January 1930 Alumnae Quarterly:
"Just the regular routine life of a mother of five children, even if the two oldest are in Goucher now. My health has compelled me to drop church work and all Parent Teacher Association speaking. But one thing I have kept up, namely, active participation in the work of the Hamilton Township Library Commission. In fact I am just finishing my second term in rotation as president.
It may be of interest that Hamilton Township, lying just outside the city of Trenton, is reputed to be the largest, most pupulous, and most wealthy township in the United States. Seven years ago the need of a library was keenly felt. New Jersey was eduating the people to the value of county libraries, but Hamilton Township was considered large enough to support one of its own. With the help of the Parent-Teacher Associations in the sixteen schools of the township, the idea was brought before the voters, and upon peition the matter was made the subject of a referendum. It was carried by a tremendous majority. SInce that time the library has been functioning along the line of county travelling libraries, having headquarters and using a truck to transport books to and from the various 'centers' from which they are issued by card. There are over forty of these 'centers', including sixteen schools.

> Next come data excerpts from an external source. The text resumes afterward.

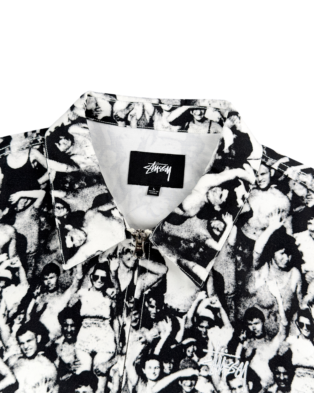 Куртка Beach Mob Bing від Stüssy. Виготовлена з бавовняної саржі з принтом. З відкладним коміром, застібкою на блискавку, вишивкою логотипу на грудях справа та двома бічними кишенями. Манжети на блискавці та прямий поділ. Одна внутрішня кишеня.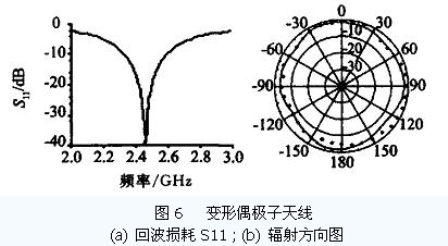 從圖5b 可以看到在天線軸方向上,天線幾乎無輻射. 如果此時(shí)讀寫器處于該方向上,應(yīng)答器將不會(huì)做出任何反應(yīng). 為了獲得全方位輻射的天線以克服該缺點(diǎn),可以對(duì)天線做適當(dāng)?shù)淖冃?如在將偶極子天線臂末端垂直方向上延長(zhǎng)λ/ 4 成圖4c 所示. 這樣天線總長(zhǎng)度修改為(57. 0 mm + 2 ×28. 5 mm) ,天線臂寬仍然為1 mm. 天線臂延長(zhǎng)λ/ 4 后,整個(gè)天線諧振于1 個(gè)波長(zhǎng),而非原來的半個(gè)波長(zhǎng). 這就使得天線的輸入阻抗大大地增加,仿真計(jì)算結(jié)果約為2 kΩ. 其輸入回波損耗S11如圖6a 所示. 圖6b 為E 面(天線平面) 上的輻射場(chǎng)方向圖,其中實(shí)線為仿真結(jié)果,黑點(diǎn)為實(shí)際樣品測(cè)量數(shù)據(jù),兩者結(jié)果較為吻合說明了該設(shè)計(jì)是正確的. 從圖6b 可以看到在原來弱輻射的方向上得到了很大的改善,其輻射已經(jīng)近似為全方向的了. 電壓駐波比(VSWR) 小于2. 0 時(shí)的阻抗帶寬為12.2 % ,增益為1.4 ,對(duì)于大部分RFID 應(yīng)用系統(tǒng),該偶極子天線可以滿足要求.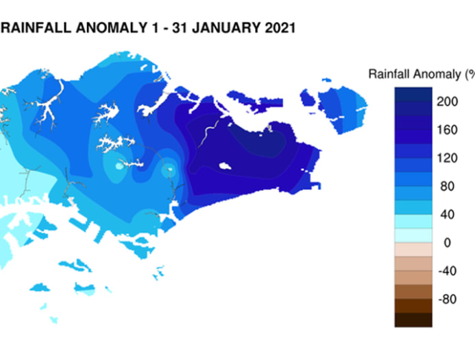 The Meteorological Service Singapore (MSS) report stated it was the wettest January in the last 40 years. The maximum positive rainfall anomaly of 194 percent was observed over the eastern part of Singapore.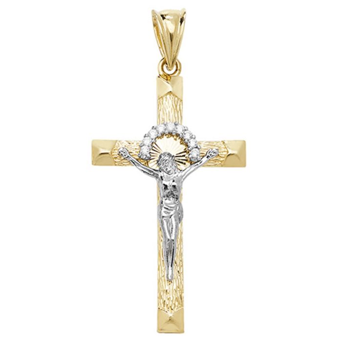 Description / Boys 9ct Yellow and White Gold 42mm Cubic Zirconia Crucifix Cross Pendant

The good that has been accomplished can scarcely be estimated, but can be suggested. In one or two sections where live a number of foreign-born, books in other languages have been requested. For instance, a number of standard noves were supplied to one section in the Polish language. In another section, juvenile books were requested for the adult 'center' as being more easily read in English by foreign adults not yet equal to ordinary adult books. In all sections people have begun to read books who never read anything before.

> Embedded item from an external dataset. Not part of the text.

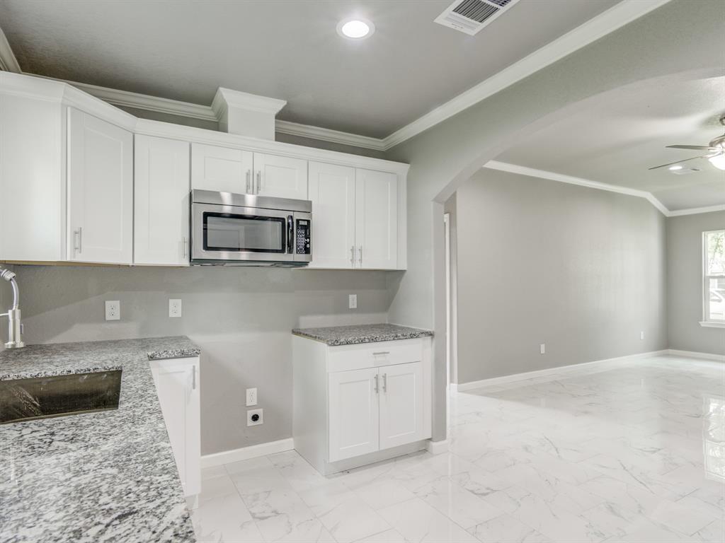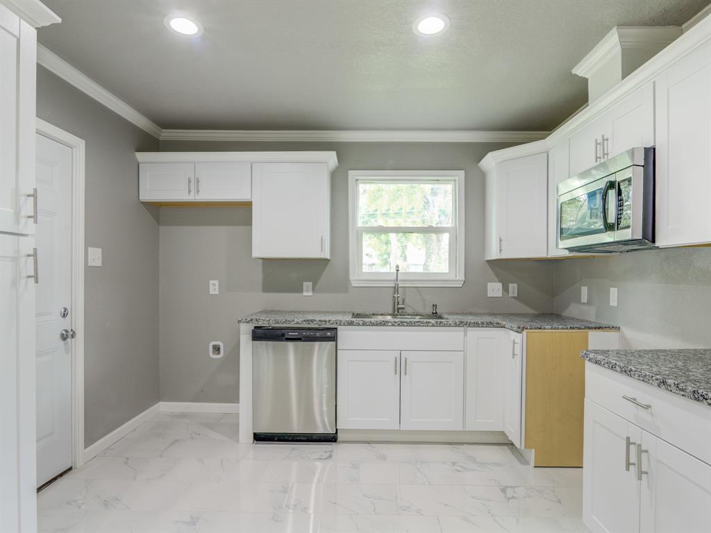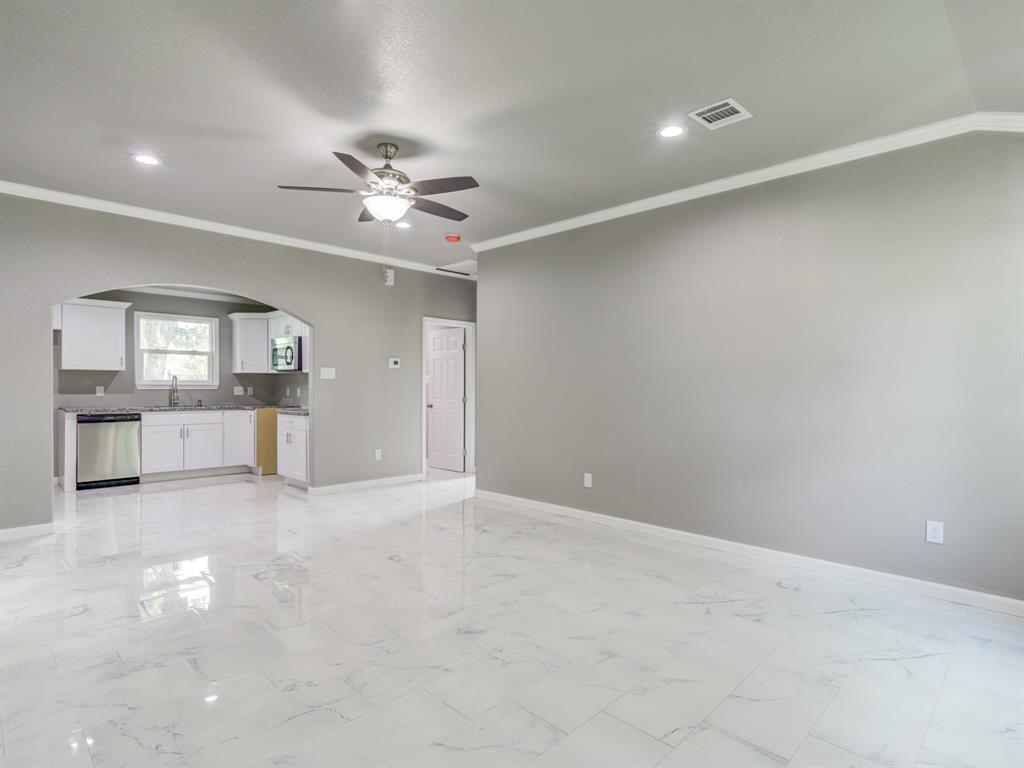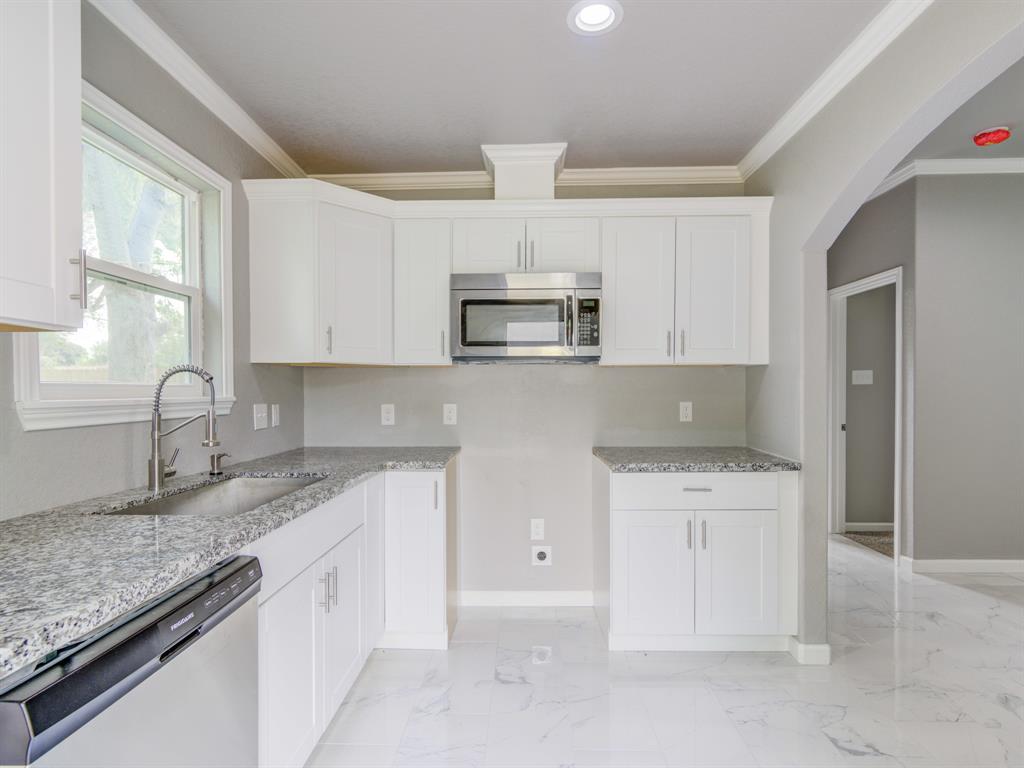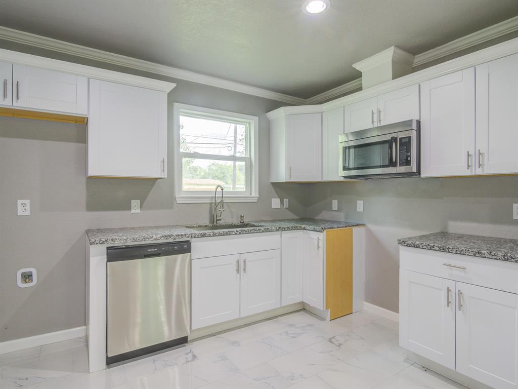 Beautiful newly renovated home, home boasts 3 bedroom 1 bath with a laundry room. Renovation includes new AC system, including outside and inside units and new ductwork in the attic, foundation has been repaired with 10year warranty. All new PVC fresh water lines installed, all new electrical wiring installed, roof replaced with new 30 year shingles and fresh new hardiplank exterior siding installed. Interior of the home has all new Sheetrock, exterior walls of home insulated, all new white porcelain tile throughout home, fresh crown molding in all the rooms of the home and new carpet in the bedrooms. Kitchen has been beautifully updated with granite countertops, backsplash and new white all wood cabinets. Bathroom boasts, a new bathtub with custom tiling and new vanity. This home has been made into a new house, from the roof to the foundation. Come and schedule a showing before this home is taken, home is ready for its new family!

If any of our alumnae want to know further about our Township Library, I shall be glad to answer any questions addressed to me."
April 1930 Alumnae Quarterly:
Two daughters of 1903 mothers were elected to Phi Beta Kappa at Goucher this spring. They are Janet Frost, daughter of Eda Briggs Frost, and Margaret Vliet, daughter of Claire Ackerman Vliet.
July 1930 Alumnae Quarterly:
Claire Ackerman Vliet, smiling, returned with the whole family, and a lovely family it is - so she has a right to smile. Claire had a daughter in the senior class, one in the Sophomore Class at Goucher. Claire is busy as a fine mother and thrifty housewife, yet has time to be President of the Hamilton Township Library Commission.
Margaret Vliet, Claire Ackerman's daughter, will be counselor at a Girls' Camp.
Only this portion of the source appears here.